Dataset excerpt Start Marker

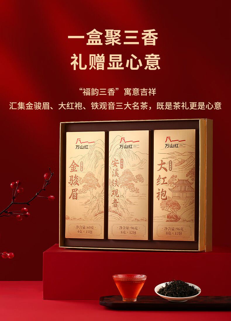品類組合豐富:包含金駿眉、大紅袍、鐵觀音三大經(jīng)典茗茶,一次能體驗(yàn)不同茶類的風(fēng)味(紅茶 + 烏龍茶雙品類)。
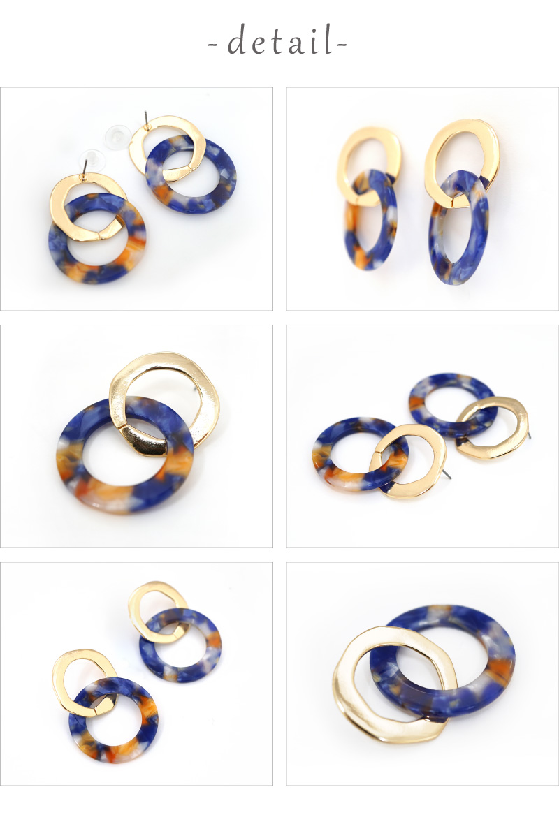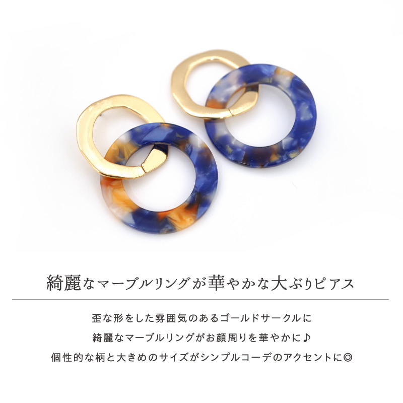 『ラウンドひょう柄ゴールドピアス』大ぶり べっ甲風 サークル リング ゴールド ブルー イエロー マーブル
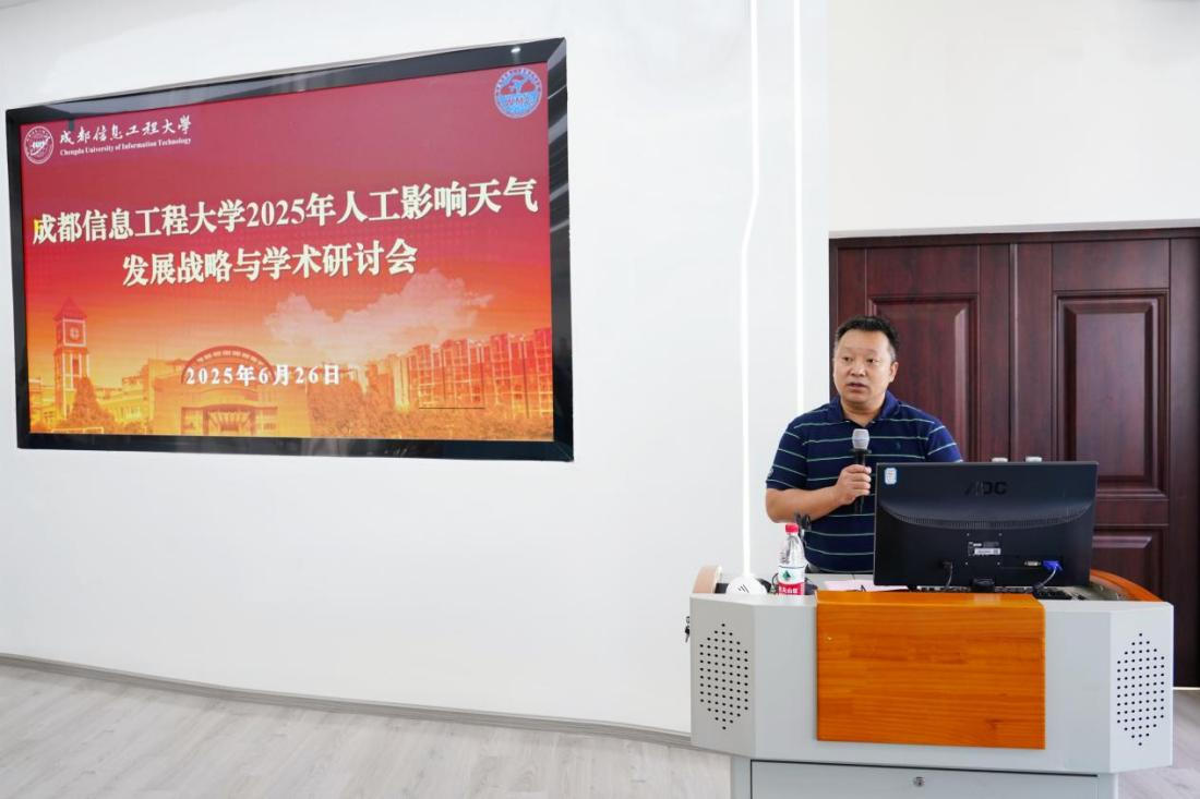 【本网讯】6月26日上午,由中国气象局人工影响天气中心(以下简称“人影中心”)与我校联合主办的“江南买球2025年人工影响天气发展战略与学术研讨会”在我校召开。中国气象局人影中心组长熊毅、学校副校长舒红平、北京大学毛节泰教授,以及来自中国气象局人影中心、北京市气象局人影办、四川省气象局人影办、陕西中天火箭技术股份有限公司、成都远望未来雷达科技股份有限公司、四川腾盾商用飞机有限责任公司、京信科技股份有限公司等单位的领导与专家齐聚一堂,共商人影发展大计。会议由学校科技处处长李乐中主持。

Dataset excerpt End Marker

*Activity:*
Repeat the data word for word. Images are not part of the copy.

*Completed task:*
品類組合豐富:包含金駿眉、大紅袍、鐵觀音三大經(jīng)典茗茶,一次能體驗(yàn)不同茶類的風(fēng)味(紅茶 + 烏龍茶雙品類)。
 『ラウンドひょう柄ゴールドピアス』大ぶり べっ甲風 サークル リング ゴールド ブルー イエロー マーブル
 【本网讯】6月26日上午,由中国气象局人工影响天气中心(以下简称“人影中心”)与我校联合主办的“江南买球2025年人工影响天气发展战略与学术研讨会”在我校召开。中国气象局人影中心组长熊毅、学校副校长舒红平、北京大学毛节泰教授,以及来自中国气象局人影中心、北京市气象局人影办、四川省气象局人影办、陕西中天火箭技术股份有限公司、成都远望未来雷达科技股份有限公司、四川腾盾商用飞机有限责任公司、京信科技股份有限公司等单位的领导与专家齐聚一堂,共商人影发展大计。会议由学校科技处处长李乐中主持。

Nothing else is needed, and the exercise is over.